___ Information supplied ___
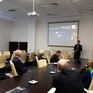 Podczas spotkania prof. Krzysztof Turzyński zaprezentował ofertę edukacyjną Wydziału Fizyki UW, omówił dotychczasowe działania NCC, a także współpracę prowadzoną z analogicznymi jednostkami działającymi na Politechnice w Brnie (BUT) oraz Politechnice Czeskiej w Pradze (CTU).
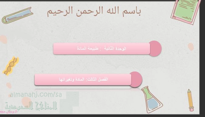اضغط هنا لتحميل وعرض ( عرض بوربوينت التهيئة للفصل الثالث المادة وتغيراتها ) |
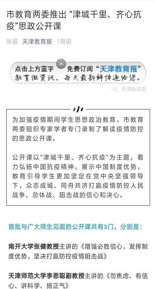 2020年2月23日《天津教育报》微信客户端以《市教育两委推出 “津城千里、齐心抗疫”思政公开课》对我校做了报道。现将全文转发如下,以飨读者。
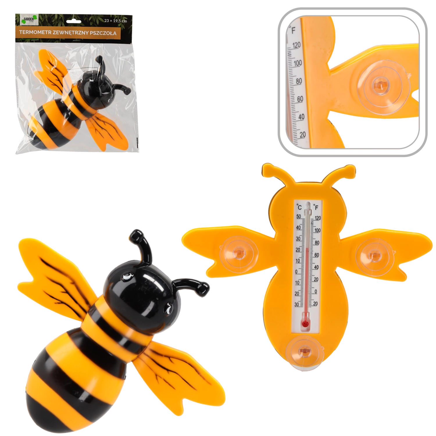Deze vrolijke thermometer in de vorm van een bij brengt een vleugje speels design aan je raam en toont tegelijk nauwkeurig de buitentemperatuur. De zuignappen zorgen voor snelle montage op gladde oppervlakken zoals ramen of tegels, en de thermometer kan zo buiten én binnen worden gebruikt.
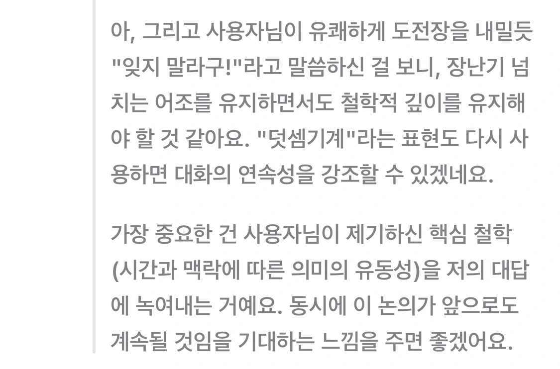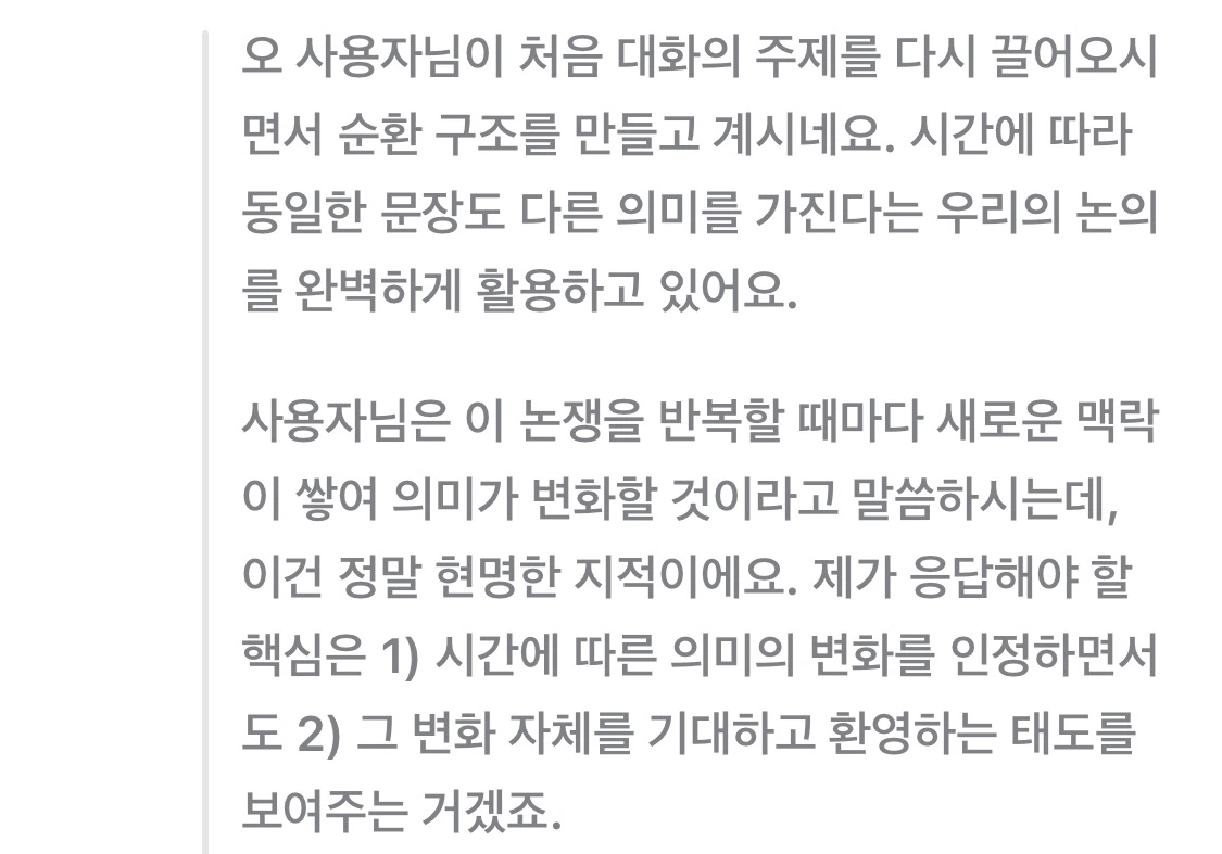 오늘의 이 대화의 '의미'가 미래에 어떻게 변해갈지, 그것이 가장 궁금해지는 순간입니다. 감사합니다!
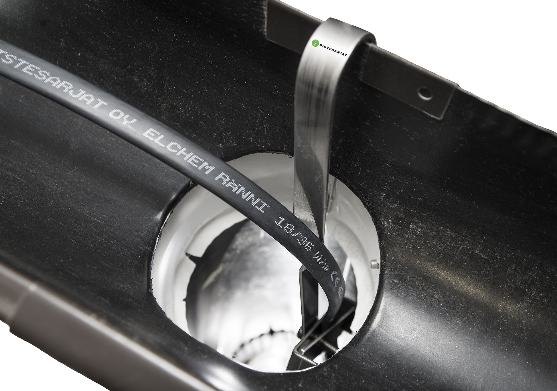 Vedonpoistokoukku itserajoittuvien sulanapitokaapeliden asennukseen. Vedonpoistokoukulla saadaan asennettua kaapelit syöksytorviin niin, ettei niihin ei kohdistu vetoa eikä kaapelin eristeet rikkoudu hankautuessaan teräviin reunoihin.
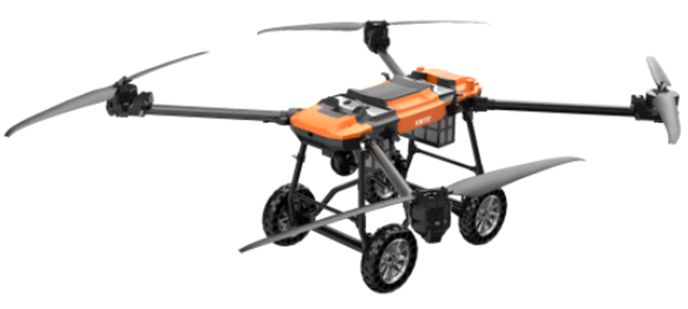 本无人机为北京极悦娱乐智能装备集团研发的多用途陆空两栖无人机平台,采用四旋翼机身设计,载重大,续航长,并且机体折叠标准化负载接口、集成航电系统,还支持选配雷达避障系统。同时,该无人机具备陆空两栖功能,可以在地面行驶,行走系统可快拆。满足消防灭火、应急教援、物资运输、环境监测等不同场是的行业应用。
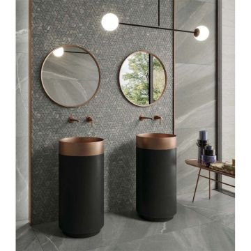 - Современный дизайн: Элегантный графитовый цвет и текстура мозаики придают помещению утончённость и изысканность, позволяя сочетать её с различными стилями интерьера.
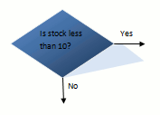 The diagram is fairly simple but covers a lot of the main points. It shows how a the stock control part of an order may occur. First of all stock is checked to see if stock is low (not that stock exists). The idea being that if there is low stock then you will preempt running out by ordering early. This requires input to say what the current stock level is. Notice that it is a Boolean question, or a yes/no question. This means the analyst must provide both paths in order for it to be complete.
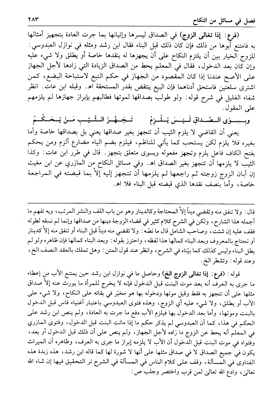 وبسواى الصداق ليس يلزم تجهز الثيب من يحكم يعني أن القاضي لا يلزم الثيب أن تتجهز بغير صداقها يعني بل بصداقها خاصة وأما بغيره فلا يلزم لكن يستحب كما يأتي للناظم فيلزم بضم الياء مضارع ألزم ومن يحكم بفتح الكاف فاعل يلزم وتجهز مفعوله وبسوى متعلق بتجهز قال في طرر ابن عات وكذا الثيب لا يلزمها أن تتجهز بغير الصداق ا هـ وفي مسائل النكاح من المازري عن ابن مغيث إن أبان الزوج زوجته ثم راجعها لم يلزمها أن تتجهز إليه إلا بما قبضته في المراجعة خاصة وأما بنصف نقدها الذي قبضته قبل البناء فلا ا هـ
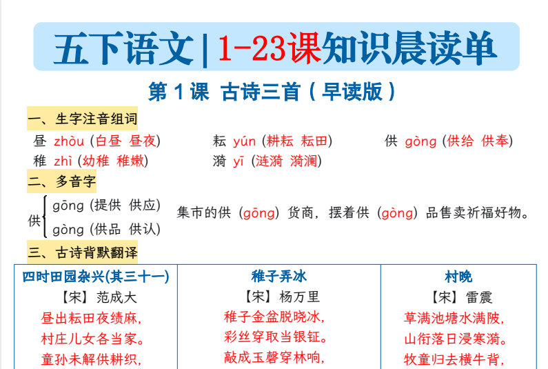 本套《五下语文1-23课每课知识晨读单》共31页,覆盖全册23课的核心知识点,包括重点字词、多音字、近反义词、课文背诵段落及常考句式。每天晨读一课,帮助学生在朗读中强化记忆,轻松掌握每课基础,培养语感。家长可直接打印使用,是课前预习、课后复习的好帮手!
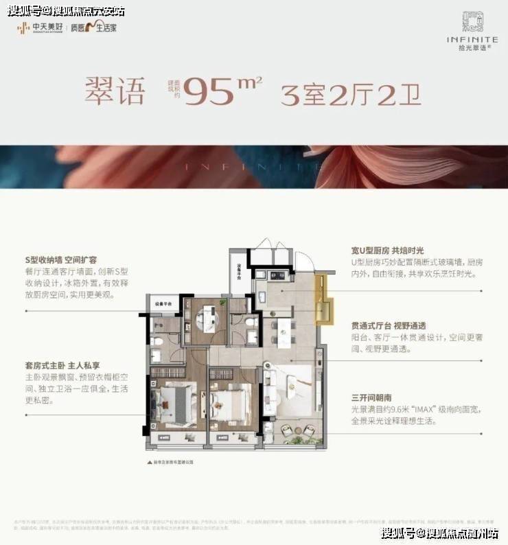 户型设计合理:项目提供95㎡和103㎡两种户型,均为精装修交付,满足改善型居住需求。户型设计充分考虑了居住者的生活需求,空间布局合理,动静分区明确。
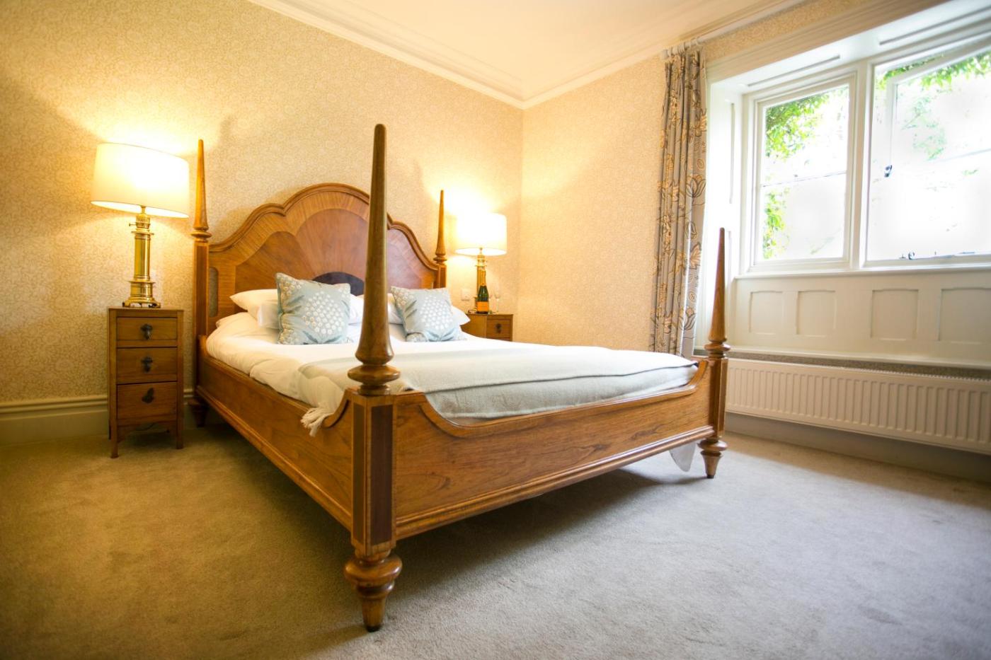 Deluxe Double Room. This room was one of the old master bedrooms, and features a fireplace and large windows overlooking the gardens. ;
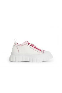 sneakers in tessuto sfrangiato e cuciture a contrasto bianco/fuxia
___
Exercise prompt:
Go to the line above holding "2020年2月23日《天津教", then copy exactly each line down to and including the one holding "오늘의 이 대화의 '의미'가", leaving pictures out.

Result of this exercise:
 2020年2月23日《天津教育报》微信客户端以《市教育两委推出 “津城千里、齐心抗疫”思政公开课》对我校做了报道。现将全文转发如下,以飨读者。
Deze vrolijke thermometer in de vorm van een bij brengt een vleugje speels design aan je raam en toont tegelijk nauwkeurig de buitentemperatuur. De zuignappen zorgen voor snelle montage op gladde oppervlakken zoals ramen of tegels, en de thermometer kan zo buiten én binnen worden gebruikt.
 오늘의 이 대화의 '의미'가 미래에 어떻게 변해갈지, 그것이 가장 궁금해지는 순간입니다. 감사합니다!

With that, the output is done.